Breakfast Forum – June 6

Doreen Dodson listens to James Harris, right, as he talks about the Missouri Nonpartisan Court Plan. Seated to the left is Randy Scherr. Photo by KAREN ELSHOUT
Two opponents and a supporter of proposed changes to Missouri’s Nonpartisan Court Plan drew their election-year battle lines Wednesday morning.
At a breakfast discussion sponsored by Missouri Lawyers Weekly, panelist Doreen Dodson, a partner at The Stolar Partnership, predicted a tough campaign over a proposed change to the state constitution that would affect how appellate judges are selected.
The measure, on the ballot later this year, would give sitting governors control over more appointees to the commission that nominates judges to the appellate courts.
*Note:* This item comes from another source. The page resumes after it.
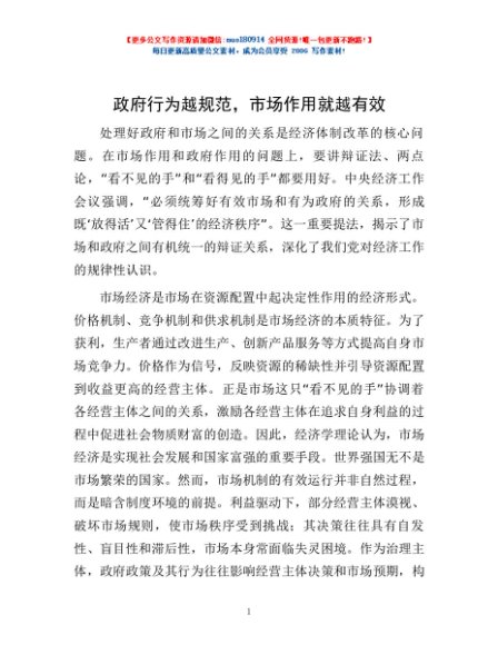 / 政府行为越规范,市场作用就越有效
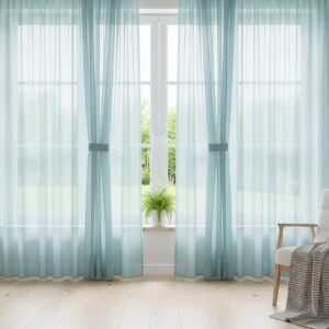 Прозрачные шторы предпочтительны в гостиных и на кухнях, где необходимо естественное освещение. Их изготавливают из легких тканей: тюля, органзы или шифона. Органза может иметь атласную или матовую поверхность. Традиционная органза — это шелк, а современные материалы — это сочетание полиэстера и нейлона. Вуаль и батист — тоже прозрачные ткани, каждая со своей фактурой. Батист – более тонкий и простой материал, чем вуаль. Оба типа штор в основном белые, кремовые и цвета слоновой кости.

“I think proponents of the measure… are prepared to put millions of dollars in the campaign,” said Dodson, a longtime plan defender and former president of The Missouri Bar.
Panelists’ views of the proposed changes stood at opposite ends, from a major overhaul that thrusts too much power into the governor’s hands, to not “much of a shakeup,” in the words of panelist James Harris, a court plan critic and activist. Judges typically serve at least 12 years, and appeals court openings aren’t that frequent, he said.
“All we’re talking about today is bringing the Missouri Plan in line with other states,” Harris said.
Joining Dodson and Harris on the panel were Randy Scherr, a lobbyist who has worked for a coalition of pro-court plan bar organizations, and Scott Lauck, a Missouri Lawyers Weekly reporter who covers the state capitol. S. Richard Gard Jr., Missouri Lawyers Media’s president and publisher, moderated the discussion at Maggiano’s Little Italy, in St. Louis County’s Richmond Heights. Missouri Lawyers Weekly is a sister newspaper of this publication.
The success or failure of the measure will depend entirely on the campaigns on either side, Lauck said.
Currently, the Appellate Judicial Commission comprises three citizens chosen by the governor, three lawyers elected by members of The Missouri Bar, and the chief justice of the Supreme Court.
The measure the Legislature passed this year would allow the governor to pick four of the seven voting members of the commission. The appointments also would be made in the first two years of a single four-year term instead of on a more staggered basis, as they’re made now.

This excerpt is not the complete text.